Quantum dots have garnered significant attention in the field of PHE due to their remarkable photophysical and photochemical properties. These nanoscale semiconductor particles exhibit a wide light response range, enabling them to convert near-infrared light into short-wavelength light, effectively exciting valence band electrons in luminescent catalysts and facilitating the efficient utilization of visible light.31 The ability of quantum dots to undergo multi-exciton generation is particularly advantageous, as it greatly enhances the quantum efficiency of photocatalysis.32 Furthermore, quantum dots possess small particle size and large specific surface area, providing a wealth of active sites for catalytic reactions. Many common photocatalysts have been modified with quantum dots with different morphology33 and electronic structure34,35 to achieve a good photocatalytic performance. This approach aims to achieve a synergistic effect, leveraging the strengths of both materials and enabling the attainment of higher efficiency in the HER. These advancements hold promise for further advancements in the field of PHE.
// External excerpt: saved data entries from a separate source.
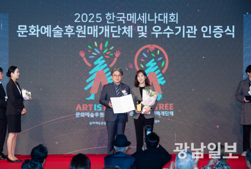 | 광주문화재단은 지난 11일 서울에서 열린‘2025년도 문화예술후원매개단체 및 문화예술후원우수기관 인증식’에서 문화체육관광부와 한국문화예술위원회로부터 ‘문화예술후원매개단체 신규 인증서’를 수여받았다. |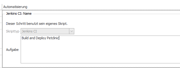 Um einen Job in Jenkins von aqua anzusteuern, erstellen Sie bitte einen neuen Testfall in aqua. Geben Sie Ihrem neuen Testfall einen Namen und öffnen den Schrittplaner über die Ribbon Bar. Nun wählen Sie den Tab Automatisierung und fügen ein neues Jenkins-Skript in den entsprechenden Testschritt ein. Im Eingabefeld namens Skript geben Sie einfach den Namen des Jobs in Jenkins ein.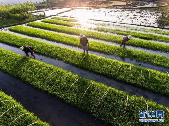 5月21日,在貴州省大方縣對江鎮(zhèn)金星村,村民在秧田里進行苗床管理。新華社發(fā)(羅大富 攝)
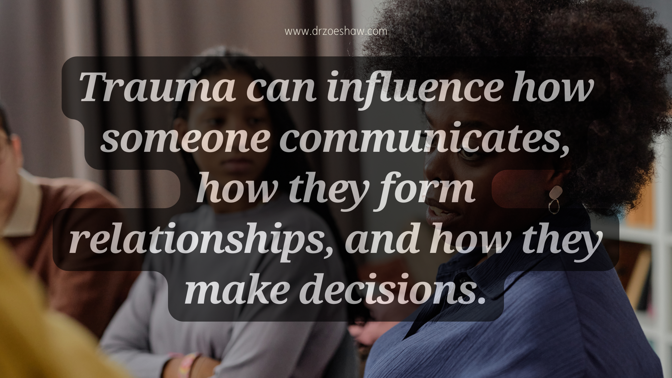 A major challenge with trauma is that it involves both what happened and how a person interpreted their own response. Many people look back at a traumatic moment and replay what they did or did not do. How you deal with trauma is also just as important.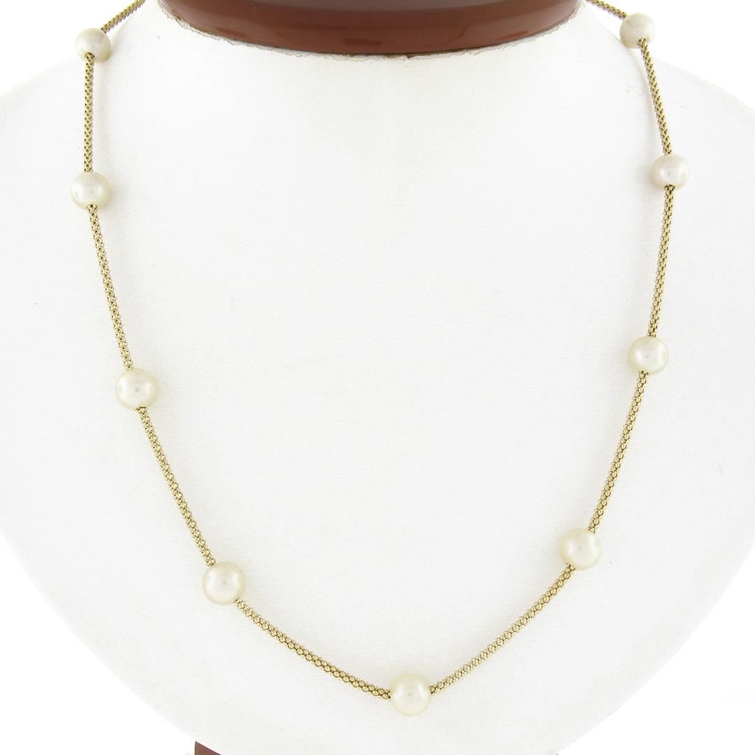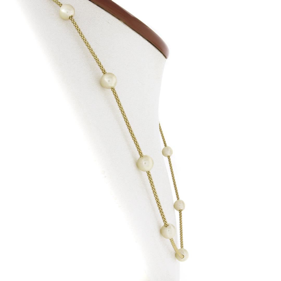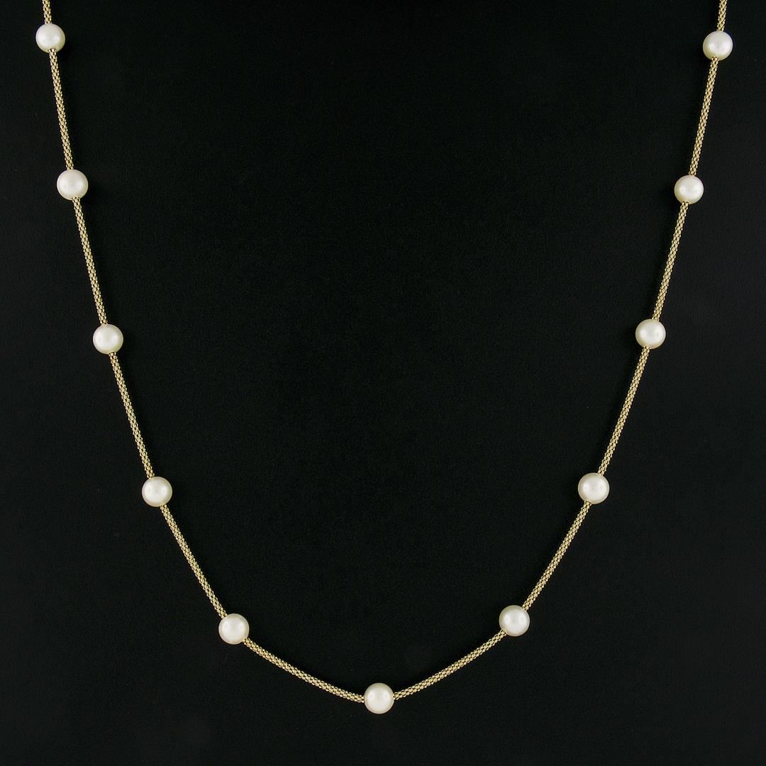 A solid 14k yellow gold by the yard necklace, with 11 round shape cultured pearls (7.1-7.4mm each). It weighs a total of 10.19 grams, measures 7.4mm wide, and measures 24 inches in length.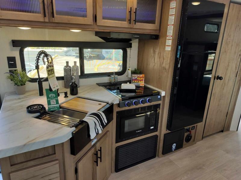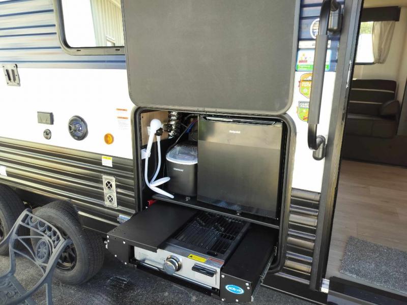 Come on inside this Cherokee Grey Wolf travel trailer and experience the convenience of a smooth flow of traffic in and out with two entry doors. The rear door leads into a full bath which is great for accessibility. Once inside, you will notice the large U-shaped dinette and the sofa which sit on the slide and create a spacious footprint for moving about, as well as great places to play games and socialize with your friends and family. A walk-in pantry provides plenty of storage allowing you to stock up on your favorite snacks and dry goods for your family adventure. At night, there is sleeping space for everyone between the double-size bunks and the RV king bed, plus the furniture.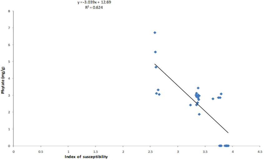 Figure 2 Relationship between index of susceptibility and phytate content of cowpea cultivars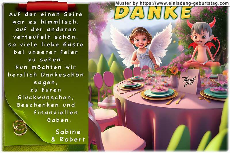Ihr Danksagungstext und Ihre Namen befinden sich auf der grünen Textfläche an der Seite. Hinter die aufgeklappte Ecke werden Eheringe eingesetzt.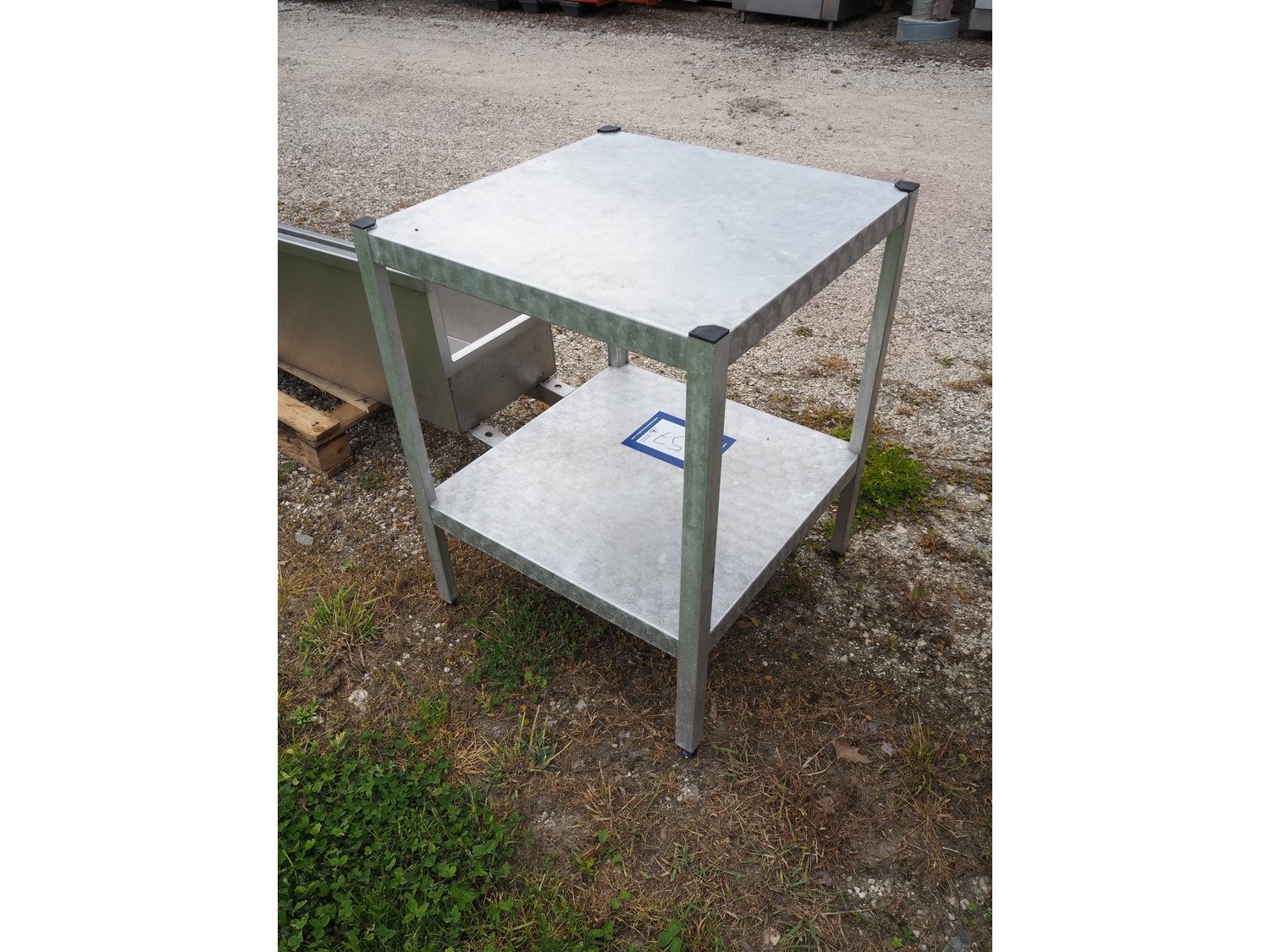 Aluminium table, dimensions: 640 mm x 640 mm x 830 mm.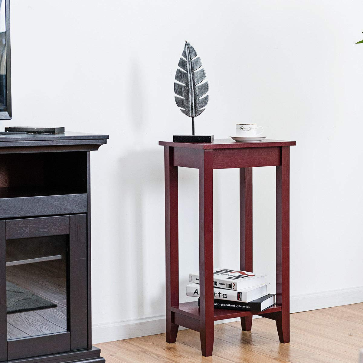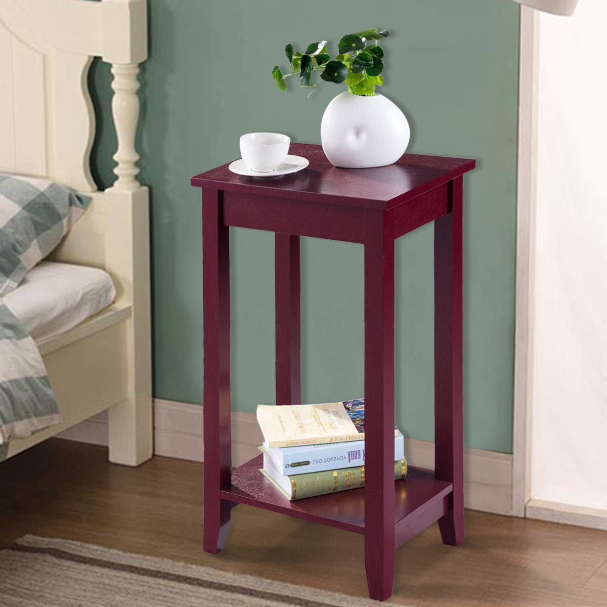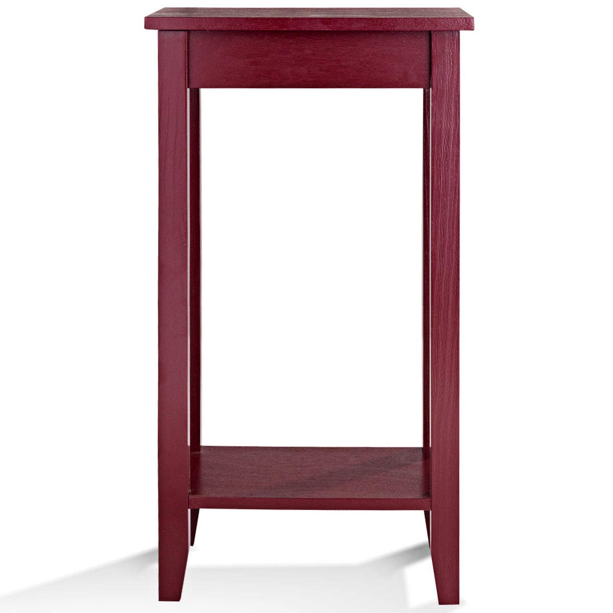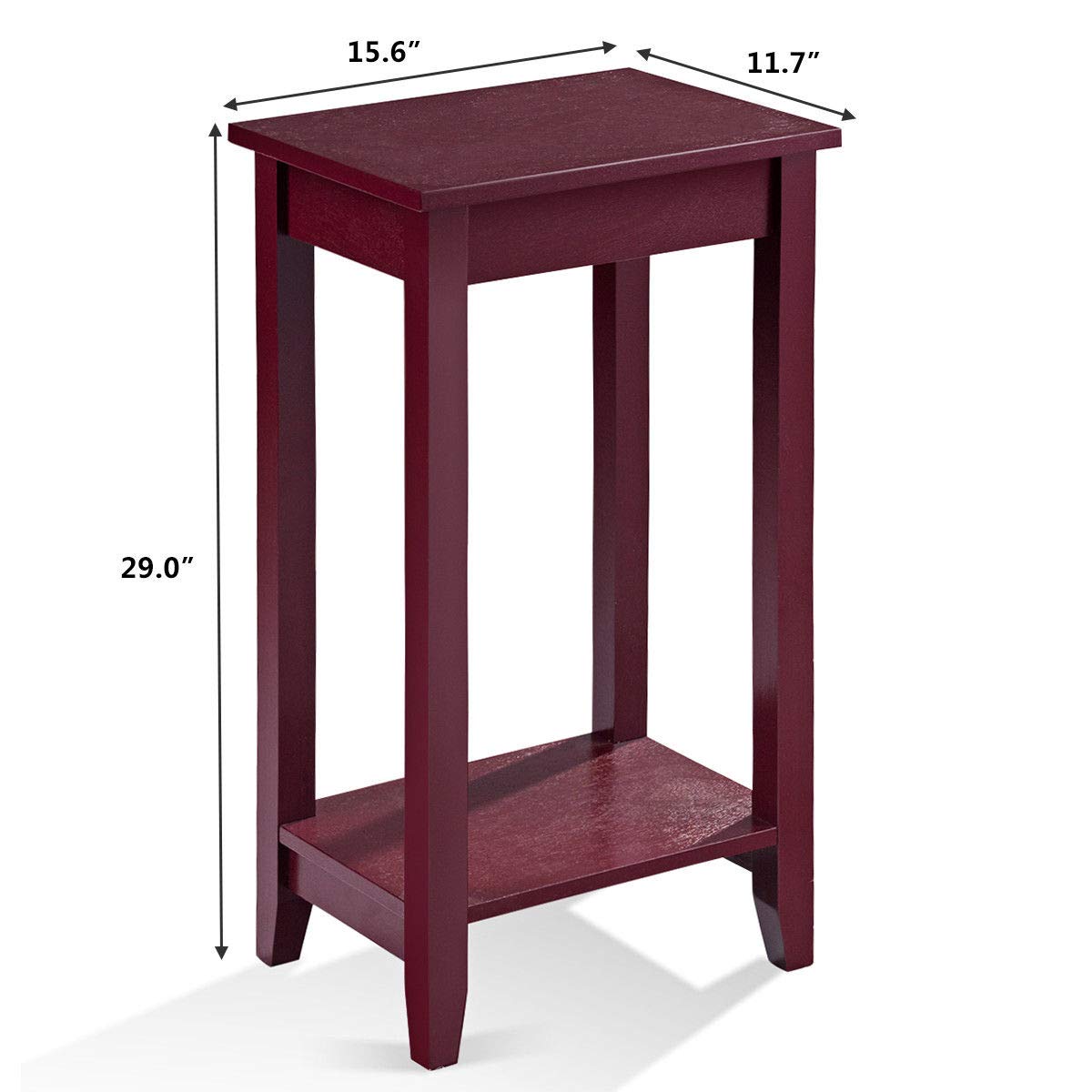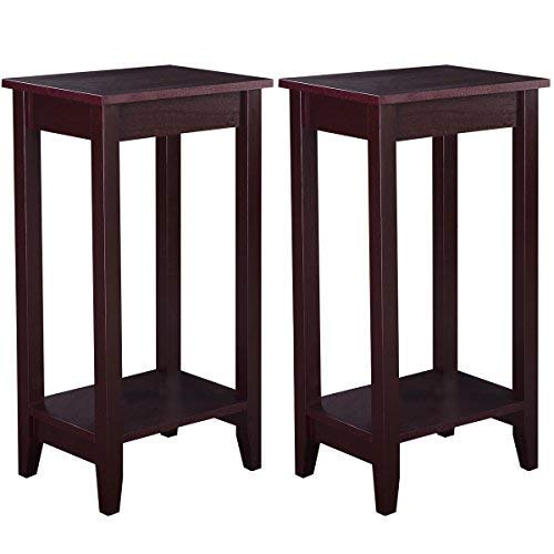 Tall, lean, and lovely! Wood tall end table brings a unique and charming design element to any room. The size of the tabletop is the perfect balance between functional and space-saving and the lower shelf provides additional space for accent pieces or other small items. Made from a combination of solid wood and wood veneer, the end table will not wobble, warp, or split. Its above-average height and narrow legs make the solid wood tall end table above all others.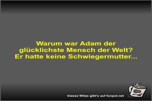| Warum war Adam der glücklichste Mensch der Welt? Bild (23.8 KB) von Fossy am 22. Mai 2025 um 18:29 Uhr Lustiges → klasse Sprüche und Witze | Lustiges → klasse Sprüche und Witze | 22.05.-18:29 | Fossy | ||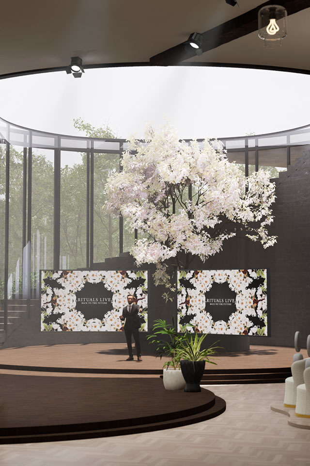The studio was built in Unreal Engine, allowing us to place a live host in front of a greenscreen into the 3D enviroment. With a motorized dolly cam we created smooth crane and tracking shots, making the space with the host feel real. The environment itself reflected a RITUALS store, with the cherry blossom tree in full bloom year-round. To keep the experience intimate, we limited the virtual audience to 200 seats, placing viewers into the space when they asked a question. This created the illusion that everyone was present without overcrowing. As DoP, I directed the live cinematography and camera switching, ensuring a polished final result.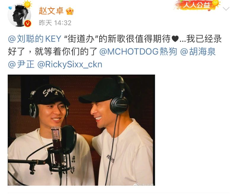 但沒想到驚喜來得這麼快!趙文卓更新微博,表示:「劉聰“街道辦”的新歌很值得期待❤…我已經錄好了,就等著你們的了!」並艾特了街道辦其他成員~而配圖則是他和自己的關門弟子在錄音室的合照~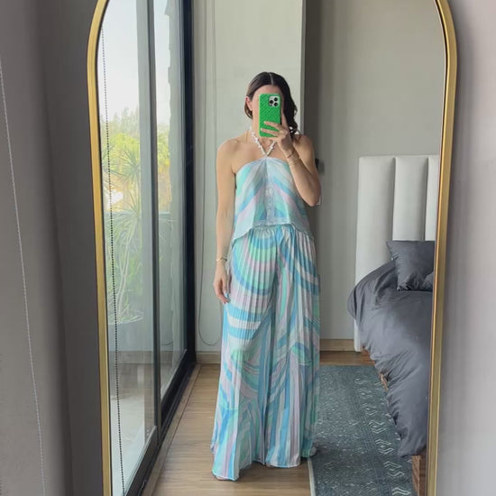Set blusa halter detalle piedras en cuello abierto en espalda y pantalón plisado, Color varios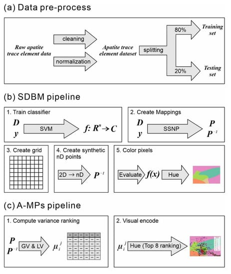 Data process workflow. (a) Data pre-process. (b) SDBM pipeline (after []). y is labels of the dataset as the genetic types of apatite. f(x) is evaluation metrics of accuracy and f1 score. The generated colored diagram is SDBM (The clear SDBM is shown in Figure 2. The remaining parameters are described in the text. (c) A-MPs pipeline. The generated colored diagram is visual encoding of A-MPs (The clear plot is shown in Figure 3).
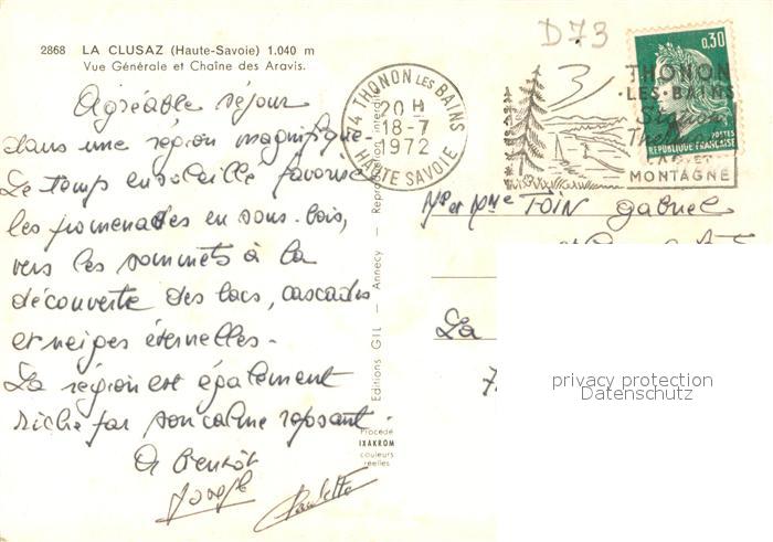 13640217 La Clusaz Vue Generale et Chaîne des Aravis Alpes postalisch gelaufen Erhaltung siehe scans [FriedD77] carte postale Frie Katcode 11170074174080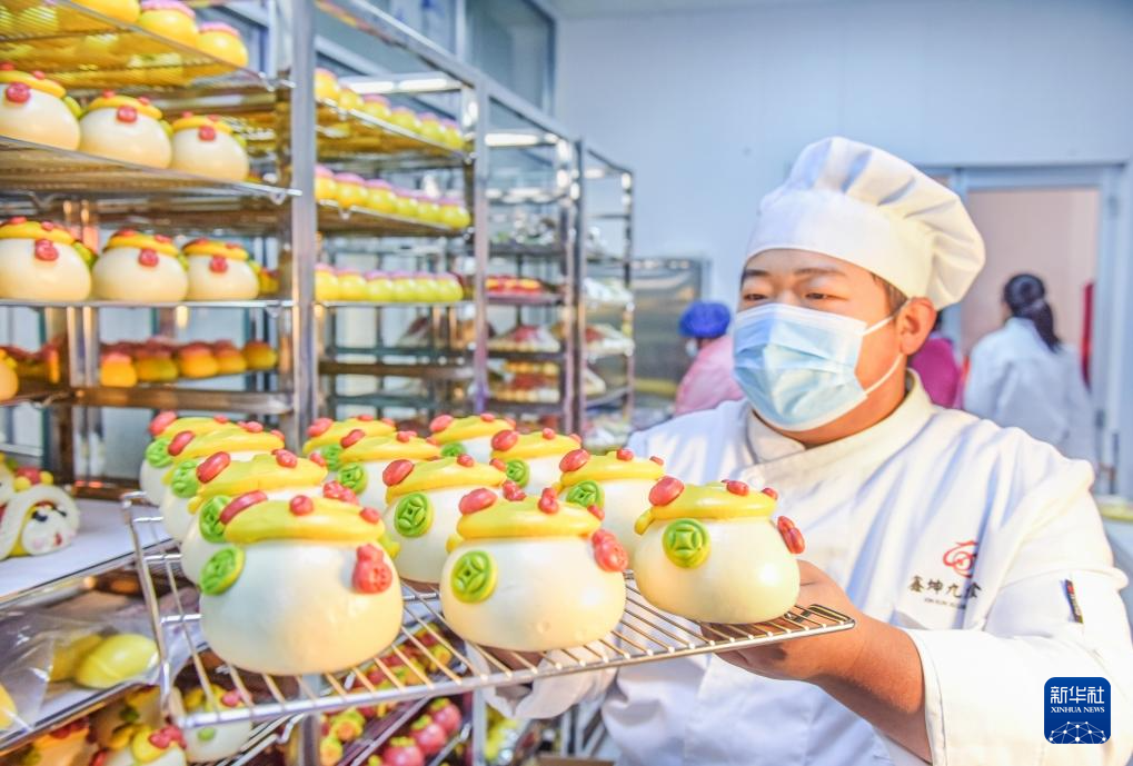 1月13日,在山东省胶州市九龙街道,黑氏传统花馍非遗工坊店主黑尤坤将花馍从货架上取下。新华社发(王昭脉摄)

Based on the aforementioned research, we have successfully developed a novel photocatalyst, namely a hollow hexagonal prism-shaped PdS QDs/Zn1−xCdxS composite, employing a series of processes including sulfidation, ion exchange, and in situ sulfidation, starting from a hexagonal prism ZnO. By creating a solid solution, we have effectively controlled the band gap of ZnS, which is too wide, and CdS, which is too narrow. This approach not only reduces the energy required for electron transitions in the valence band but also mitigates the recombination of electron–hole pairs, thereby enhancing the overall efficiency of the photocatalytic process. The unique hollow structure of the catalyst provides a larger surface area and increased number of active sites, further promoting efficient photocatalytic reactions. Additionally, through the introduction of PdS quantum dots, we have significantly improved the photocatalytic performance of Zn1−xCdxS. This modification facilitates the rapid separation of electron–hole pairs, thus accelerating the kinetic process of photocatalytic reactions. The results of our study demonstrate remarkable outcomes. Under visible light conditions (with a wavelength of 420 nm < λ < 800 nm), the PHE activity of the 0.5 wt% PdS QDs/Zn0.6Cd0.4S photocatalyst reached an impressive value of 27.63 mmol g−1 h−1, which is 6 and 963 times higher than that of ZnS and Zn0.6Cd0.4S, respectively. Furthermore, the stability of the photocatalyst has also been improved, adding to its practical viability. These findings of this research highlight the significant potential of utilizing adjustable band gap solid solutions, as well as the construction of hollow structures and incorporation of quantum dots, to synergistically enhance the photocatalytic activity of PHE. These advancements pave the way for the development of more efficient and sustainable photocatalytic systems in the future.

2. Results and discussion

2.1 The structure of synthesized solid solution materials

Herein, we demonstrate a template-based and ion exchange approaches to synthesize hollow Zn1−xCdxS solid solution, and then decorated the PdS quantum dots on its surface to form composite nanomaterials (Fig. 1a). Firstly, hexagonal ZnO template was synthesized successfully and we can observe that these nanoparticles’ particle size were approximately near 500 nm (Fig. 1b). Then hollow ZnS was obtained by anion exchange in the presence of sulfur source under hydrothermal condition. Obviously, the hollow morphology of ZnS was maintained and the particle size decreased fractionally (Fig. 1c). By controlling the ratio of Zn and Cd sources, we can get the hollow Zn0.6Cd0.4S solid solution by anion exchange (Fig. 1d). We then decorated PdS QDs on the surface of Zn0.6Cd0.4S solid solution (Fig. 1e). As showed in Fig. 1f, some black dots can be easily observed which were PdS QDs. These QDs were approximately 3 nm, which confirmed the quantum dots morphology of PdS.
image file: d3nr05518c-f1.tif
Fig. 1 (a) Schematic illustration of the synthesis of PdS QDs/Zn1−xCdxS hollow particles. SEM image of hexagonal (b) ZnO. TEM images of (c) ZnO, (d) Zn0.6Cd0.4S, and (e, f) 0.5 wt% PdS QDs/Zn0.6Cd0.4S. (g) HRTEM image and (h) selected area electron diffraction pattern of 0.5 wt% PdS QDs/Zn0.6Cd0.4S. (i) Corresponding EDX elemental mapping images of the 0.5 wt% PdS QDs/Zn0.6Cd0.4S sample.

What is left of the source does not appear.